══ Record set ══

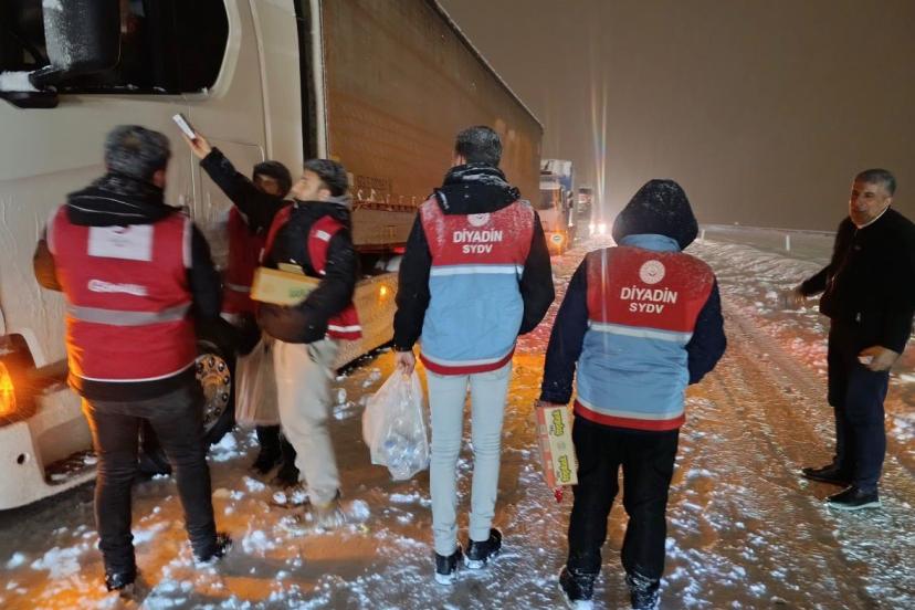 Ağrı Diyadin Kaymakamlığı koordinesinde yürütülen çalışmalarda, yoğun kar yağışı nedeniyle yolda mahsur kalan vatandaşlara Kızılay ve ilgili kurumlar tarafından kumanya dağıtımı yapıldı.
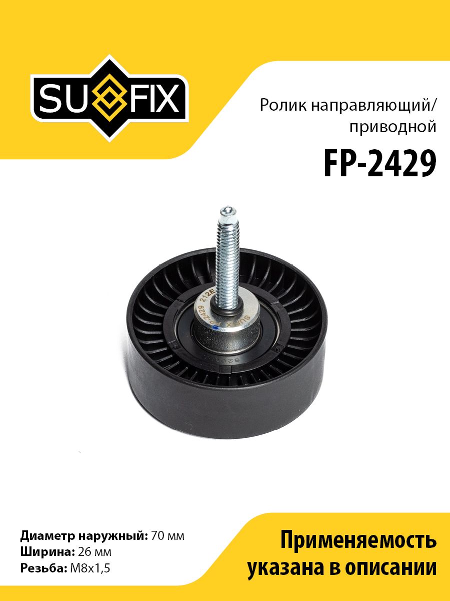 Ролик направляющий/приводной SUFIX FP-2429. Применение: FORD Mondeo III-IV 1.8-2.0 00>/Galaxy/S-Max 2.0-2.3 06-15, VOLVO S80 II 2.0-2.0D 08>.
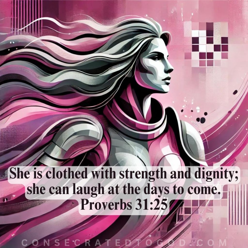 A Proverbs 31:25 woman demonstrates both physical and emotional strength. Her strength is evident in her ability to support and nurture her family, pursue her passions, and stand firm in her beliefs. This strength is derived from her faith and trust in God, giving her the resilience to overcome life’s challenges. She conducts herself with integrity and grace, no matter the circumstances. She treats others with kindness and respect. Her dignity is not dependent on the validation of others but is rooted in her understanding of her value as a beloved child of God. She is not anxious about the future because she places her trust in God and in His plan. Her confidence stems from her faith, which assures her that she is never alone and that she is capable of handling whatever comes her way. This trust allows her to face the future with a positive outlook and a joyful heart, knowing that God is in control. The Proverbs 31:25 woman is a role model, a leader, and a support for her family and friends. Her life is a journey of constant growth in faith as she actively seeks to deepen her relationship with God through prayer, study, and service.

═══
══ Record set ══

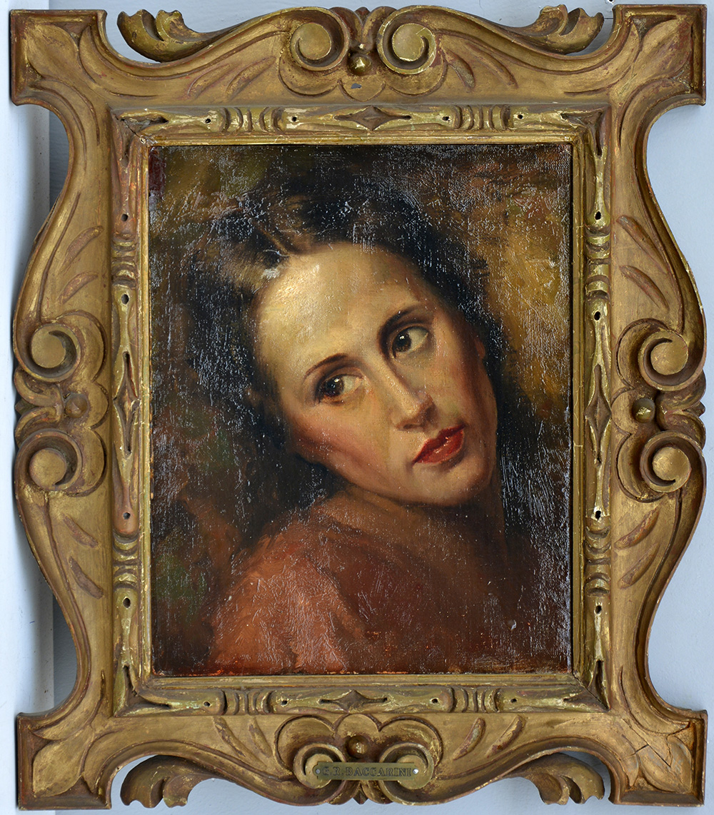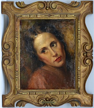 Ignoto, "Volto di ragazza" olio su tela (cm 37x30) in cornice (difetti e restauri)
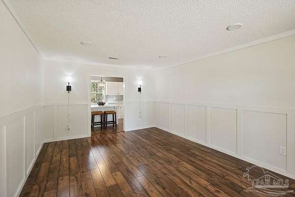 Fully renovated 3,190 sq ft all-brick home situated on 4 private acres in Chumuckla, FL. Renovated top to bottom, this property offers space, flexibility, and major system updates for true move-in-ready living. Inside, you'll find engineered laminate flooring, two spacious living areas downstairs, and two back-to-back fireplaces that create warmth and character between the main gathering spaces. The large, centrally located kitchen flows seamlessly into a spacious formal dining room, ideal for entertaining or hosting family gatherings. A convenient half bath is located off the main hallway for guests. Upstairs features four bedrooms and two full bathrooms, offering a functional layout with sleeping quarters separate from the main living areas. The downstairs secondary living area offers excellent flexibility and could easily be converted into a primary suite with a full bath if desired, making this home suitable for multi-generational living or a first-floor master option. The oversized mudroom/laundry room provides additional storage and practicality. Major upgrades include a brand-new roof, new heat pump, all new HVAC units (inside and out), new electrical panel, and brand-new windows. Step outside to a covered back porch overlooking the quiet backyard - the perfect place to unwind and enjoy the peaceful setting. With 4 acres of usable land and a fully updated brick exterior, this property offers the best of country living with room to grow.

═══

» Brief: Extract the part of the records that opens with the line containing "Ağrı Diyadin Kaymakamlığı" and closes with the line containing "Ролик направляющий/приводной SUFIX". Take only those lines, exactly, and no pictures.

» Result below:
 Ağrı Diyadin Kaymakamlığı koordinesinde yürütülen çalışmalarda, yoğun kar yağışı nedeniyle yolda mahsur kalan vatandaşlara Kızılay ve ilgili kurumlar tarafından kumanya dağıtımı yapıldı.
 Ролик направляющий/приводной SUFIX FP-2429. Применение: FORD Mondeo III-IV 1.8-2.0 00>/Galaxy/S-Max 2.0-2.3 06-15, VOLVO S80 II 2.0-2.0D 08>.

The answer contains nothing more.